• **Data entries**:
━━━

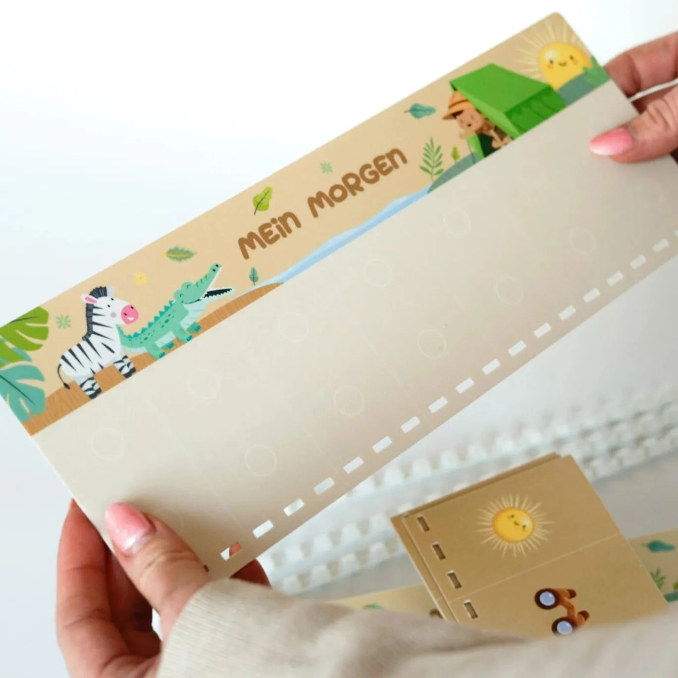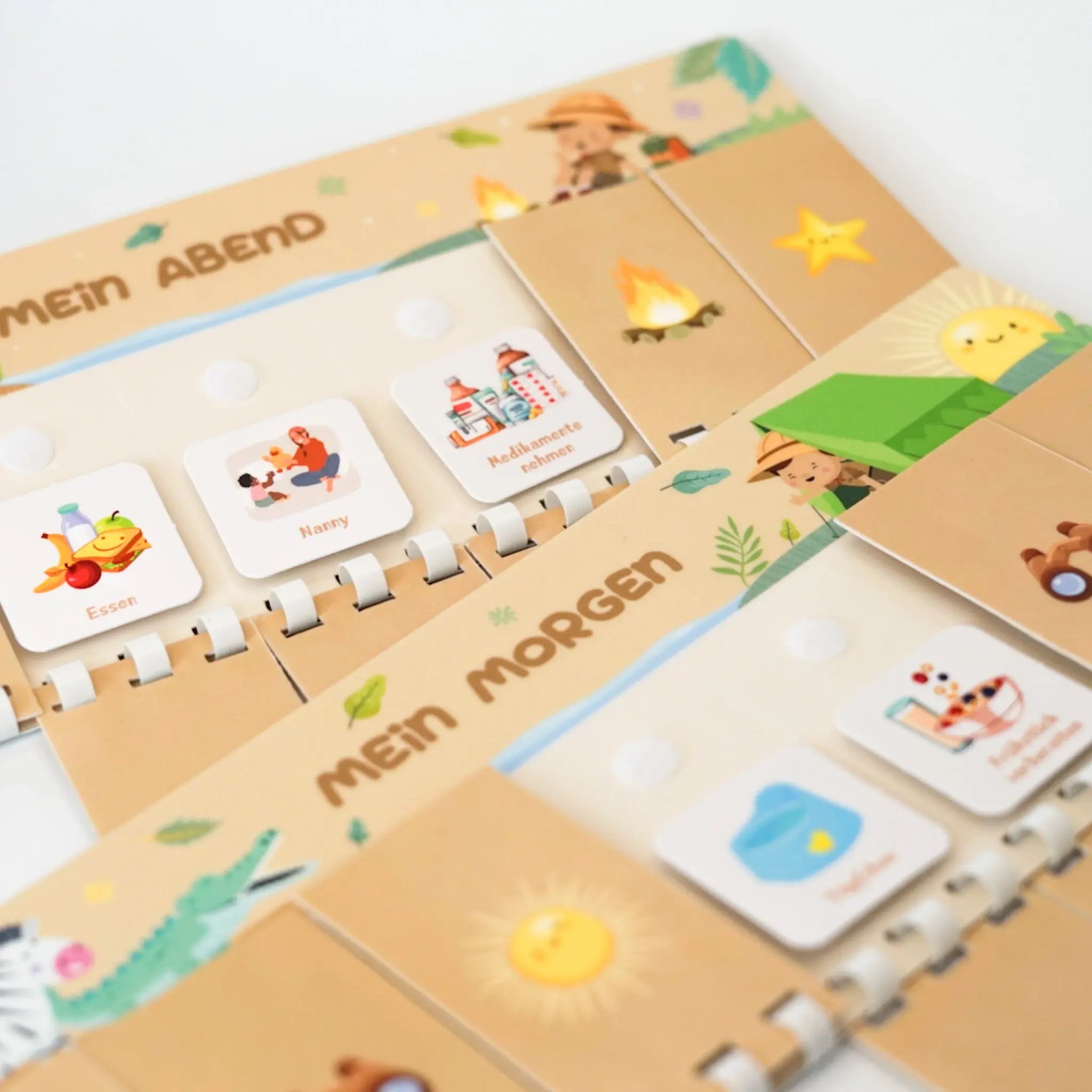Du nutzt den Planer gemeinsam mit Deinem Kind, um den Morgen und Abend strukturiert zu gestalten. Dabei entscheidet Dein Kind selbst, in welcher Reihenfolge es die Aufgaben erledigen möchte – ganz im Sinne des Montessori-Ansatzes. Nach jeder abgeschlossenen Aufgabe klappt es die entsprechende Klappe eigenständig nach oben. So entsteht ein motivierender, visuell geführter Ablauf, der Dein Kind Schritt für Schritt durch den Tag begleitet – und bislang herausfordernde Situationen plötzlich kinderleicht erscheinen lässt.
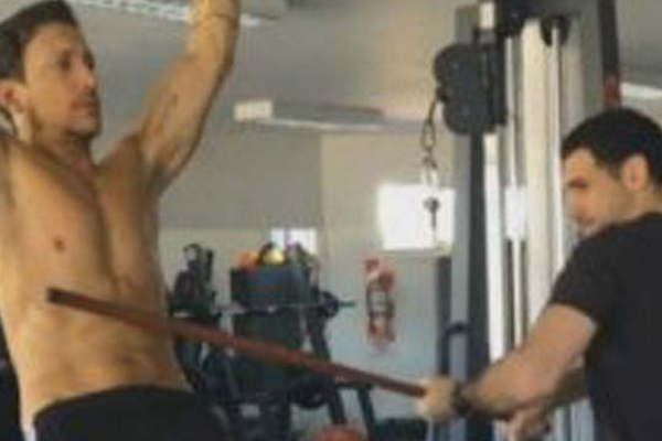 El actor publicó un video en el que se lo ve en el gimnasio haciendo abdominales colgado de una baranda y su entrenador le pega en el abdomen con un palo.
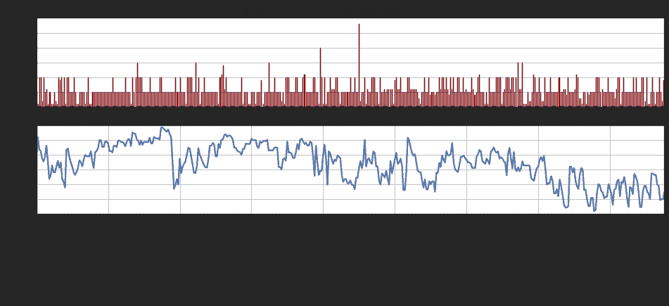 ax = base.plot(x = 'calTimeStamp', y = ['volume'], kind = 'bar', sharex=True, xticks = [], color = 'r', ax = axs[0])
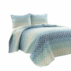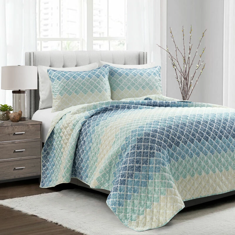 Intricate medallion motifs are showcased in the diamond quilted detailing of this bedding. The ombre pattern introduces multiple complementary colors for a modern look. Decorate your bedroom with this unique STANDARD 100 by OEKO-TEX® certified quilt set.
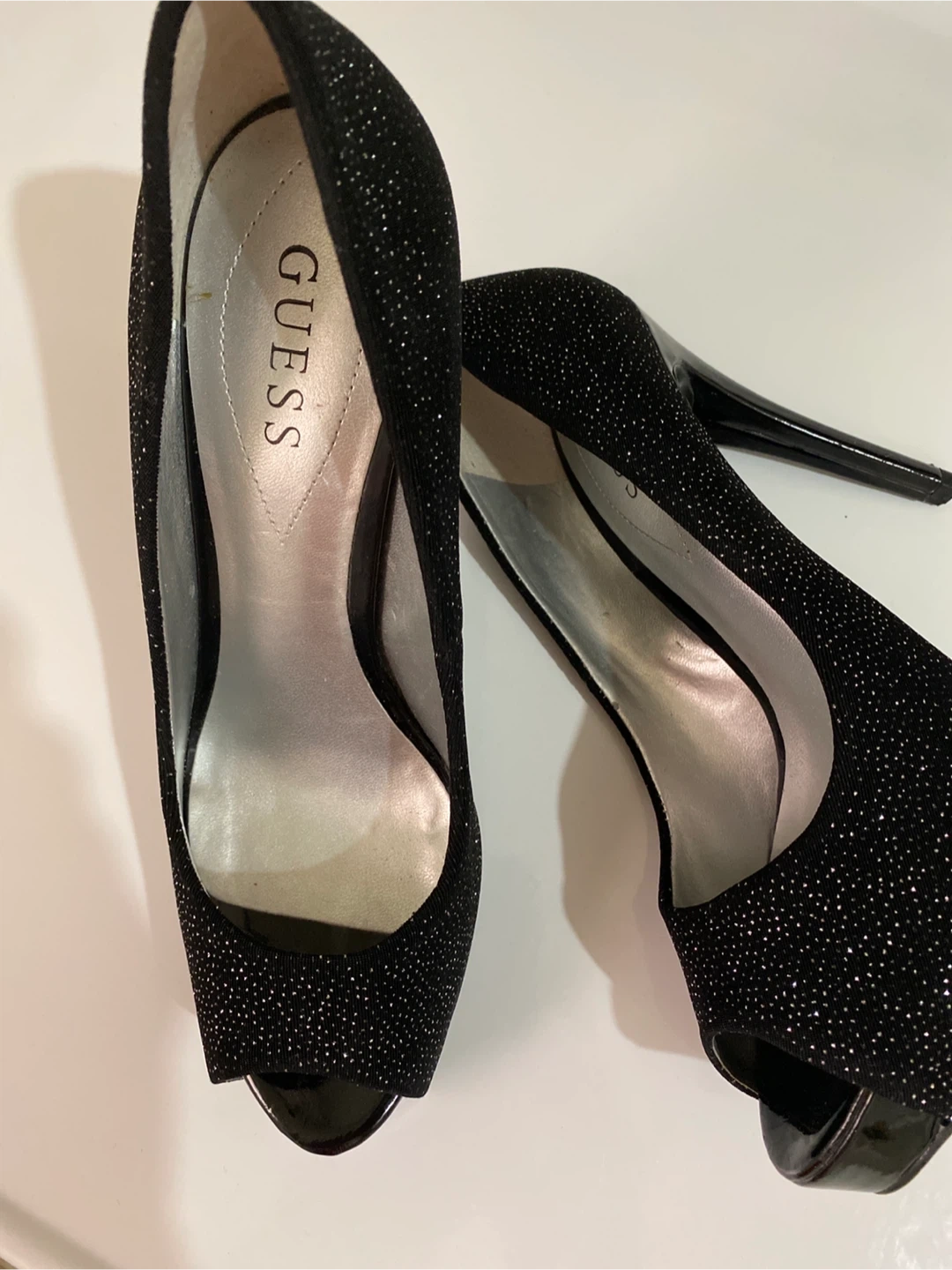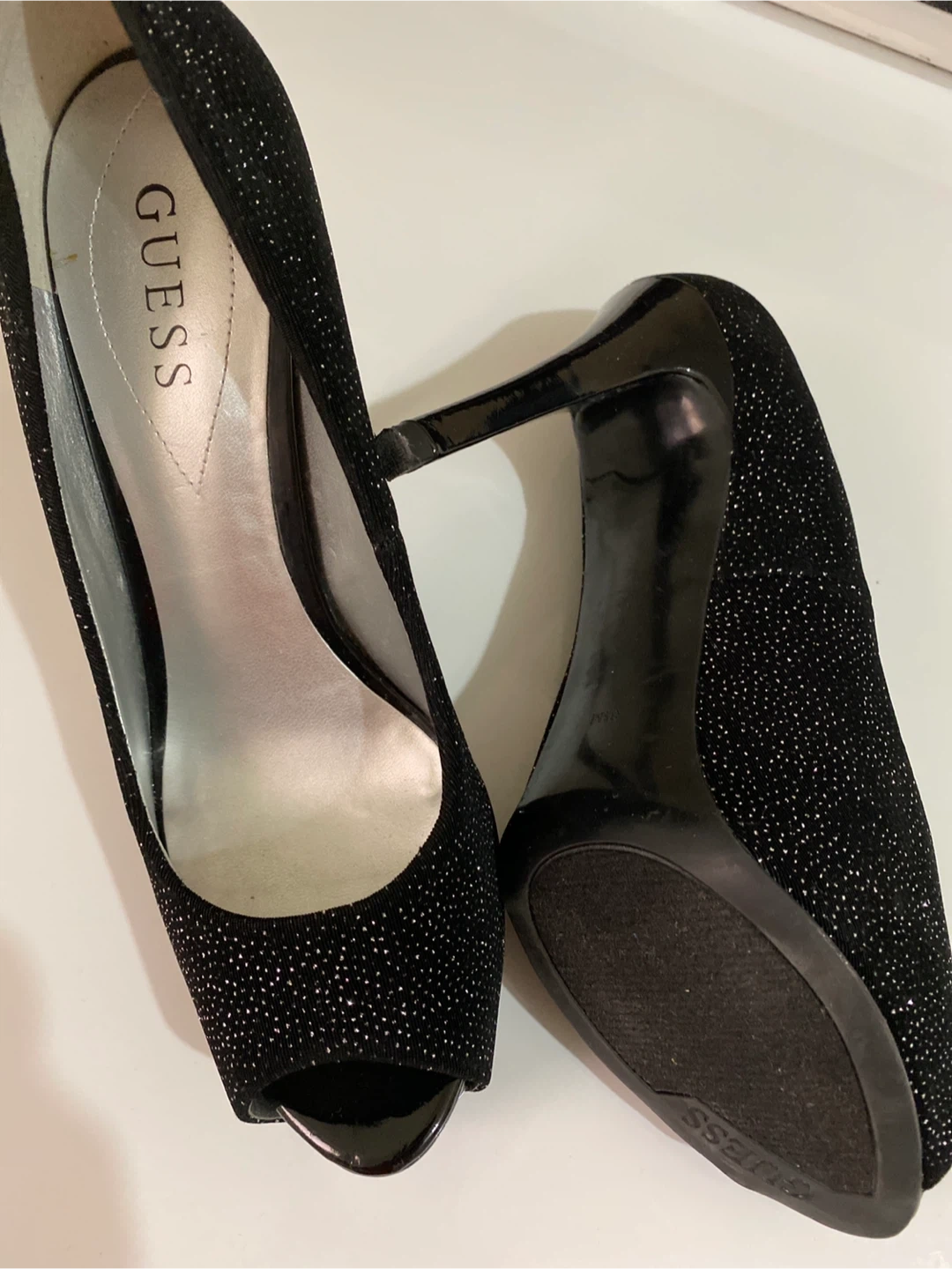18Selling a pair of Guess black sparkly heels in size 8.5 M. These stylish heels are perfect for a night out or any special occasion. They have a sleek design and are new!
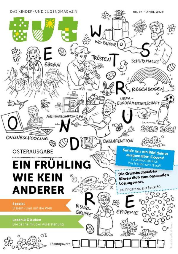 Seit drei Wochen sind die Schulen in der Schweiz geschlossen. Auch für Nina aus Murten (FR). Die 11-Jährige erzählt, wie sie damit umgeht und warum sie keine Angst vor dem Corona-Virus hat. Ausserdem: von Menschen und Hamstern, ein Comic über Homeschooling und warum Lachen in schwierigen Situationen helfen kann. Die Ausgabe hält zudem allerhand Wissenswertes über Ostern bereit: Warum wir das Fest feiern und was es mit Pessach, Osterlamm, Osterkerze und Osterfeuer auf sich hat. Mit Ausmalbild auf dem Cover!
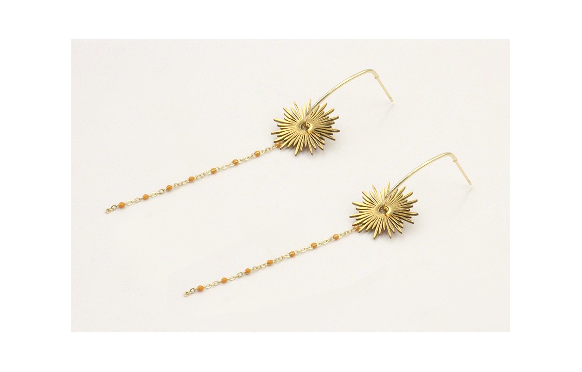 Pendientes acero inoxidable anzuelo con estrella redonda y cadena micro esmalte mostaza. Largo 7cm.
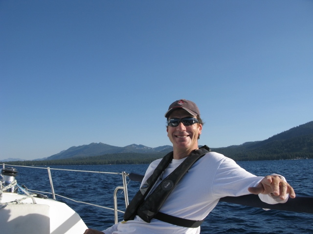 But back to the sailing. Both Phil and I are 200+ lb. guys, so rowing out to Splendido was a bit of a comedy act in our 8′ Walker Bay dinghy. But, with catlike grace and athleticism, we managed to lumber aboard without getting wet. I walked the dinghy forward and tied it off on the buoy and cast us free, where some gentle afternoon breezes took us easily out over toward Chambers Landing. We gobbled up some Subway sandwiches and talked, talked, talked…and then the wind died. Completely. So, we just sort of bobbed around the bay for an hour or so and talked some more, while the sails hung lank and Tahoe began to take on its telltale pinkish hue as the sun got lower and lower. Finally, I turned on the motor and we started back…and the wind picked up! So we had “bookend” winds on this particular outing. They actually picked up pretty good, to the point where we were getting over 5 knots on the gauge and a bit of a heel, too. I made a complete hash of flaking the sail as we drew near to the buoy, so I had Phil make a big circle, which gave me time to tidy things up a bit and dive below for the boat hook. By this time, Phil was an “old hand” with the wheel and throttle, and we made our approach. Phil steered us perfectly to the buoy, then gently hit reverse to stop the boat. I got the mooring line on the first try. It was awesome. Looking forward to more music and sailing magic with Phil in the future!
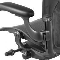 Height adjustable arms move up and down by releasing the lever at the back of the arm, sliding the arm into your desired position and using the lever to lock the arm into place. The redesigned Aeron Chair arm has an improved mechanism that makes adjusting the height of the arms smooth and effortless.
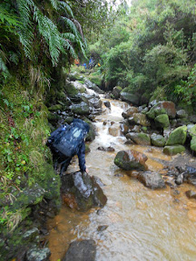 A little way above the track junction to Kapuni Lodge we met another party coming down the mountain who kindly offered some advice. It is often hard to assess the quality of advice provided by other parties when you briefly meet for 45 seconds or so. There is after all a continuum of advice received in such circumstances ranging from never leave the house paranoia to quality advice all the way through to the she'll be right gung-ho. Therefore it is of course useful to assess how any advice provided might apply to your own party or trip. On this occasion I was advised of treacherous snow and ice filled gullies, "People have here died you know", and that I would drown the survivors in the streams when returning on the lower track with some rain in the forecast.
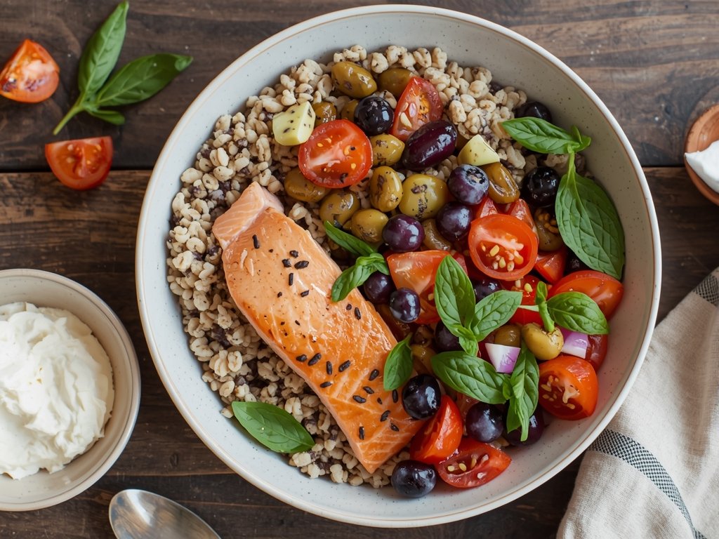 Now we need to wake up the palate. Salmon is fatty and rich. Even when it’s cold, it’s heavy. To make this bowl sing, you need acid and crunch. This is where the Mediterranean profile shines.
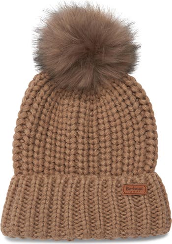 A fluffy faux-fur pompom tops a cozy beanie featuring a chunky shaker stitch and logo-embossed patch.

━━━

• **Work order**: Return every entry word for word, leaving the pictures out.

• **Written answer**:
Du nutzt den Planer gemeinsam mit Deinem Kind, um den Morgen und Abend strukturiert zu gestalten. Dabei entscheidet Dein Kind selbst, in welcher Reihenfolge es die Aufgaben erledigen möchte – ganz im Sinne des Montessori-Ansatzes. Nach jeder abgeschlossenen Aufgabe klappt es die entsprechende Klappe eigenständig nach oben. So entsteht ein motivierender, visuell geführter Ablauf, der Dein Kind Schritt für Schritt durch den Tag begleitet – und bislang herausfordernde Situationen plötzlich kinderleicht erscheinen lässt.
 El actor publicó un video en el que se lo ve en el gimnasio haciendo abdominales colgado de una baranda y su entrenador le pega en el abdomen con un palo.
 ax = base.plot(x = 'calTimeStamp', y = ['volume'], kind = 'bar', sharex=True, xticks = [], color = 'r', ax = axs[0])
 Intricate medallion motifs are showcased in the diamond quilted detailing of this bedding. The ombre pattern introduces multiple complementary colors for a modern look. Decorate your bedroom with this unique STANDARD 100 by OEKO-TEX® certified quilt set.
18Selling a pair of Guess black sparkly heels in size 8.5 M. These stylish heels are perfect for a night out or any special occasion. They have a sleek design and are new!
 Seit drei Wochen sind die Schulen in der Schweiz geschlossen. Auch für Nina aus Murten (FR). Die 11-Jährige erzählt, wie sie damit umgeht und warum sie keine Angst vor dem Corona-Virus hat. Ausserdem: von Menschen und Hamstern, ein Comic über Homeschooling und warum Lachen in schwierigen Situationen helfen kann. Die Ausgabe hält zudem allerhand Wissenswertes über Ostern bereit: Warum wir das Fest feiern und was es mit Pessach, Osterlamm, Osterkerze und Osterfeuer auf sich hat. Mit Ausmalbild auf dem Cover!
 Pendientes acero inoxidable anzuelo con estrella redonda y cadena micro esmalte mostaza. Largo 7cm.
 But back to the sailing. Both Phil and I are 200+ lb. guys, so rowing out to Splendido was a bit of a comedy act in our 8′ Walker Bay dinghy. But, with catlike grace and athleticism, we managed to lumber aboard without getting wet. I walked the dinghy forward and tied it off on the buoy and cast us free, where some gentle afternoon breezes took us easily out over toward Chambers Landing. We gobbled up some Subway sandwiches and talked, talked, talked…and then the wind died. Completely. So, we just sort of bobbed around the bay for an hour or so and talked some more, while the sails hung lank and Tahoe began to take on its telltale pinkish hue as the sun got lower and lower. Finally, I turned on the motor and we started back…and the wind picked up! So we had “bookend” winds on this particular outing. They actually picked up pretty good, to the point where we were getting over 5 knots on the gauge and a bit of a heel, too. I made a complete hash of flaking the sail as we drew near to the buoy, so I had Phil make a big circle, which gave me time to tidy things up a bit and dive below for the boat hook. By this time, Phil was an “old hand” with the wheel and throttle, and we made our approach. Phil steered us perfectly to the buoy, then gently hit reverse to stop the boat. I got the mooring line on the first try. It was awesome. Looking forward to more music and sailing magic with Phil in the future!
 Height adjustable arms move up and down by releasing the lever at the back of the arm, sliding the arm into your desired position and using the lever to lock the arm into place. The redesigned Aeron Chair arm has an improved mechanism that makes adjusting the height of the arms smooth and effortless.
 A little way above the track junction to Kapuni Lodge we met another party coming down the mountain who kindly offered some advice. It is often hard to assess the quality of advice provided by other parties when you briefly meet for 45 seconds or so. There is after all a continuum of advice received in such circumstances ranging from never leave the house paranoia to quality advice all the way through to the she'll be right gung-ho. Therefore it is of course useful to assess how any advice provided might apply to your own party or trip. On this occasion I was advised of treacherous snow and ice filled gullies, "People have here died you know", and that I would drown the survivors in the streams when returning on the lower track with some rain in the forecast.
 Now we need to wake up the palate. Salmon is fatty and rich. Even when it’s cold, it’s heavy. To make this bowl sing, you need acid and crunch. This is where the Mediterranean profile shines.
 A fluffy faux-fur pompom tops a cozy beanie featuring a chunky shaker stitch and logo-embossed patch.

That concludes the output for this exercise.